## What to do
A faithful copy of every entry is the goal; keep the images out of it.

## Data for analysis
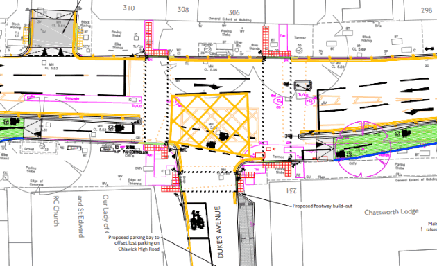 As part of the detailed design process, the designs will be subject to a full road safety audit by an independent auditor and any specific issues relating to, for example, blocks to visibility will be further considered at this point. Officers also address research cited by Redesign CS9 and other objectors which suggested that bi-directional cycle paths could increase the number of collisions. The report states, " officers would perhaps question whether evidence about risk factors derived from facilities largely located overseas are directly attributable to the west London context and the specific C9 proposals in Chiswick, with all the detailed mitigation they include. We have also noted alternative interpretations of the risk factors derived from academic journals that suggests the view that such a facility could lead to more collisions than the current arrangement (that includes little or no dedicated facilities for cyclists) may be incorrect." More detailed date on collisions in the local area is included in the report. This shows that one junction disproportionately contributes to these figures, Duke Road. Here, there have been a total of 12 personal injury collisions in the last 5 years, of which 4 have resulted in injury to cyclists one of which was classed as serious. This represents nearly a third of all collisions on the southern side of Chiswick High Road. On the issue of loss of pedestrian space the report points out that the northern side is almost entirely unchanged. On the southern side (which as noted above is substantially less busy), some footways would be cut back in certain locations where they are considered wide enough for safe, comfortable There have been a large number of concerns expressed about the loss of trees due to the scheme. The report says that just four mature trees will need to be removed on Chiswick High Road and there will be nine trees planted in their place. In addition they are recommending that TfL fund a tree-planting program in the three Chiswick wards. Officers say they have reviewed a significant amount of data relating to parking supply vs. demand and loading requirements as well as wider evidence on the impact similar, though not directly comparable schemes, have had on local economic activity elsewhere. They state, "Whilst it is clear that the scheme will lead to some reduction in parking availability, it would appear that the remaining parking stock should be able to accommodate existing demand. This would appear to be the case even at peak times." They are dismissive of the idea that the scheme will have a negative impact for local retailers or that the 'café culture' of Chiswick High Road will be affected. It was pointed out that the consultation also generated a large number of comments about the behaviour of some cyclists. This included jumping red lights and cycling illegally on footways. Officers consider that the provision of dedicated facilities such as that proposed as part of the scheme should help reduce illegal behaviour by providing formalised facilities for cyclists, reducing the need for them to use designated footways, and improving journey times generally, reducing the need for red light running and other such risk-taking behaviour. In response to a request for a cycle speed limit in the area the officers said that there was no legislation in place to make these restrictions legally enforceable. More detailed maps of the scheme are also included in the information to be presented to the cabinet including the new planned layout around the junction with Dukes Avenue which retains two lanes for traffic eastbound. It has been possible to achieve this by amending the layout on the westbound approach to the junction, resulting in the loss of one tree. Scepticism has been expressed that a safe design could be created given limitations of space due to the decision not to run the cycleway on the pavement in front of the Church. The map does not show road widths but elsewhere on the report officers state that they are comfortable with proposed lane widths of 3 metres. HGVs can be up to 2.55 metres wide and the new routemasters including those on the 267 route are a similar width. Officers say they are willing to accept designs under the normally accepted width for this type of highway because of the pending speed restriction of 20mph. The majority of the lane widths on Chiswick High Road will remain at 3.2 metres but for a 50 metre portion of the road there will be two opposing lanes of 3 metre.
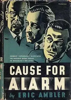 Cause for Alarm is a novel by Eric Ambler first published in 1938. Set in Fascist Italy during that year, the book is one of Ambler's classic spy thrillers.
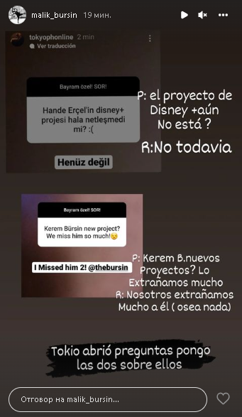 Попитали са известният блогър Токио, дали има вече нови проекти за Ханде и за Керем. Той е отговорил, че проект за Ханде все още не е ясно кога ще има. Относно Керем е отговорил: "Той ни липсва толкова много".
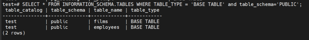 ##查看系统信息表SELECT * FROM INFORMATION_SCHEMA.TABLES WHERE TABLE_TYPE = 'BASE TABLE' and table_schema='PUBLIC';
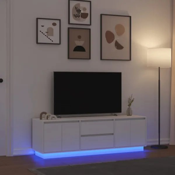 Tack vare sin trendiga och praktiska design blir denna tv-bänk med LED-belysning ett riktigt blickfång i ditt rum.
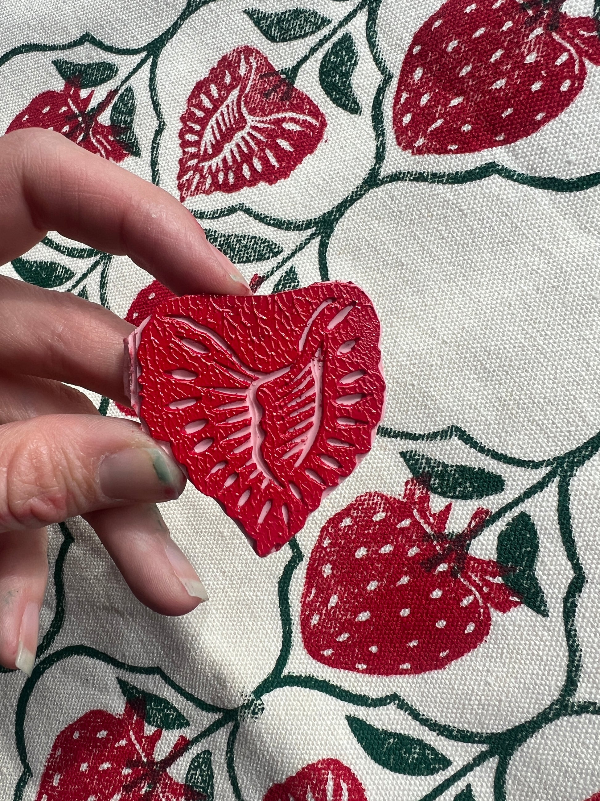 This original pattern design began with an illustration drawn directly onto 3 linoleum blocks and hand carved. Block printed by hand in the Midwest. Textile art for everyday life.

## Solution
 As part of the detailed design process, the designs will be subject to a full road safety audit by an independent auditor and any specific issues relating to, for example, blocks to visibility will be further considered at this point. Officers also address research cited by Redesign CS9 and other objectors which suggested that bi-directional cycle paths could increase the number of collisions. The report states, " officers would perhaps question whether evidence about risk factors derived from facilities largely located overseas are directly attributable to the west London context and the specific C9 proposals in Chiswick, with all the detailed mitigation they include. We have also noted alternative interpretations of the risk factors derived from academic journals that suggests the view that such a facility could lead to more collisions than the current arrangement (that includes little or no dedicated facilities for cyclists) may be incorrect." More detailed date on collisions in the local area is included in the report. This shows that one junction disproportionately contributes to these figures, Duke Road. Here, there have been a total of 12 personal injury collisions in the last 5 years, of which 4 have resulted in injury to cyclists one of which was classed as serious. This represents nearly a third of all collisions on the southern side of Chiswick High Road. On the issue of loss of pedestrian space the report points out that the northern side is almost entirely unchanged. On the southern side (which as noted above is substantially less busy), some footways would be cut back in certain locations where they are considered wide enough for safe, comfortable There have been a large number of concerns expressed about the loss of trees due to the scheme. The report says that just four mature trees will need to be removed on Chiswick High Road and there will be nine trees planted in their place. In addition they are recommending that TfL fund a tree-planting program in the three Chiswick wards. Officers say they have reviewed a significant amount of data relating to parking supply vs. demand and loading requirements as well as wider evidence on the impact similar, though not directly comparable schemes, have had on local economic activity elsewhere. They state, "Whilst it is clear that the scheme will lead to some reduction in parking availability, it would appear that the remaining parking stock should be able to accommodate existing demand. This would appear to be the case even at peak times." They are dismissive of the idea that the scheme will have a negative impact for local retailers or that the 'café culture' of Chiswick High Road will be affected. It was pointed out that the consultation also generated a large number of comments about the behaviour of some cyclists. This included jumping red lights and cycling illegally on footways. Officers consider that the provision of dedicated facilities such as that proposed as part of the scheme should help reduce illegal behaviour by providing formalised facilities for cyclists, reducing the need for them to use designated footways, and improving journey times generally, reducing the need for red light running and other such risk-taking behaviour. In response to a request for a cycle speed limit in the area the officers said that there was no legislation in place to make these restrictions legally enforceable. More detailed maps of the scheme are also included in the information to be presented to the cabinet including the new planned layout around the junction with Dukes Avenue which retains two lanes for traffic eastbound. It has been possible to achieve this by amending the layout on the westbound approach to the junction, resulting in the loss of one tree. Scepticism has been expressed that a safe design could be created given limitations of space due to the decision not to run the cycleway on the pavement in front of the Church. The map does not show road widths but elsewhere on the report officers state that they are comfortable with proposed lane widths of 3 metres. HGVs can be up to 2.55 metres wide and the new routemasters including those on the 267 route are a similar width. Officers say they are willing to accept designs under the normally accepted width for this type of highway because of the pending speed restriction of 20mph. The majority of the lane widths on Chiswick High Road will remain at 3.2 metres but for a 50 metre portion of the road there will be two opposing lanes of 3 metre.
 Cause for Alarm is a novel by Eric Ambler first published in 1938. Set in Fascist Italy during that year, the book is one of Ambler's classic spy thrillers.
 Попитали са известният блогър Токио, дали има вече нови проекти за Ханде и за Керем. Той е отговорил, че проект за Ханде все още не е ясно кога ще има. Относно Керем е отговорил: "Той ни липсва толкова много".
 ##查看系统信息表SELECT * FROM INFORMATION_SCHEMA.TABLES WHERE TABLE_TYPE = 'BASE TABLE' and table_schema='PUBLIC';
 Tack vare sin trendiga och praktiska design blir denna tv-bänk med LED-belysning ett riktigt blickfång i ditt rum.
 This original pattern design began with an illustration drawn directly onto 3 linoleum blocks and hand carved. Block printed by hand in the Midwest. Textile art for everyday life.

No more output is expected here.